Mgr Henri-Marie DUBREIL DE PONTBRIAND

06. Mgr Henri-Marie Dubreil de Pontbriand
Dachowski Photography ©AAQ

Mgr DUBREIL DE PONTBRIAND (1708-1760)
6e évêque de Québec, 1741-1760


NOTICE: Jean LeBlanc, Dictionnaire biographique des évêques catholiques du Canada : les diocèses catholiques canadiens des Églises latine et orientales et leurs évêques : repères chronologiques et biographiques 1658-2012Montréal, Wilson & Lafleur, 2e éd., 2012, pp. 462-464.
Avec l’aimable autorisation de la Maison d’édition, 17 mai 2019.


Né en janvier 1708 au château de Pleurtuit près de Saint-Malo en Bretagne, dans une famille comtale de 9 enfants, d’un père capitaine des garde-côtes de l’évêché de St-Malo et d’une mère d’une grande réputation de sainteté, il fit ses études classiques chez les Jésuites du collège de La Flèche et sa théologie au séminaire de St-Sulpice à Paris. Il fut ordonné prêtre en février 1731, obtint son doctorat en théologie de la Sorbonne et retourna à St-Malo comme aumônier d’un hôpital, pour devenir vicaire général du diocèse le 18 septembre 1736, avec mission d’y combattre vigoureusement le jansénisme.

Nommé par le roi le 30 novembre 1740 (et informé le 19 décembre) et confirmé par le Saint-Siège le 6 mars 1741 comme 6e évêque de Québec (avec aussi l’appui des Sulpiciens de Paris), il fut sacré le 9 avril à l’archevêché de Paris par Mgr de Vivet de Montclus, évêque de St-Brieuc[1], assisté de Mgr de Chabannes, évêque d’Agen, et de Mgr La Taste, évêque titulaire de Bethléem et supérieur des Carmélites de St-Denis.
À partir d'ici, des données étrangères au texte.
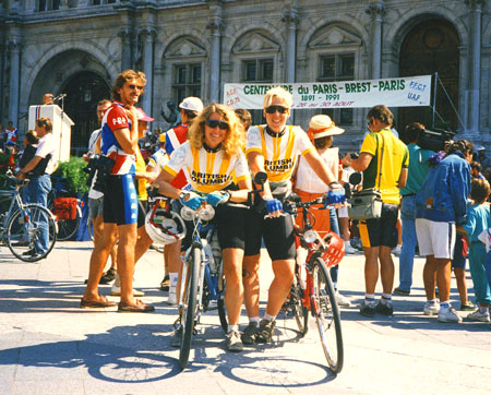 Karen Smith & Judy Morrison in Paris at the prologue to the centenary Paris-Brest-Paris in 1991.

Il prêta serment au roi le 17 entre les mains du cardinal-prince de Rohan. Il arriva à Québec le 29 août 1741 et prit possession de son siège le lendemain. Il se retira le 1er juillet 1759 à Charlesbourg durant le siège de Québec par les Anglais, fut présent sur le champ de bataille pour y exercer son ministère puis, suivant le gouverneur Vaudreuil, se rendit fin septembre à Montréal, où il logea chez les Sulpiciens. Il publia le 28 octobre un mandement sur les événements, y voyant un châtiment de la Providence, illustration d’une idéologie rigoriste faisant de Dieu un justicier interventionniste. Il mourut le 8 juin 1760, fortement affligé autant par la situation politique de la colonie que par la décadence des moeurs illustrée par les désordres de l’intendant Bigot. Il fut inhumé dans l’église paroissiale Notre-Dame de Ville-Marie le 10 juin ; un service plus solennel y eut lieu le 25, l’oraison funèbre étant délivrée par l’abbé Louis Jolivet, P.S.S., docteur de la Sorbonne et curé de la paroisse. Ses restes reposent maintenant dans la crypte du grand sémi­naire de Montréal.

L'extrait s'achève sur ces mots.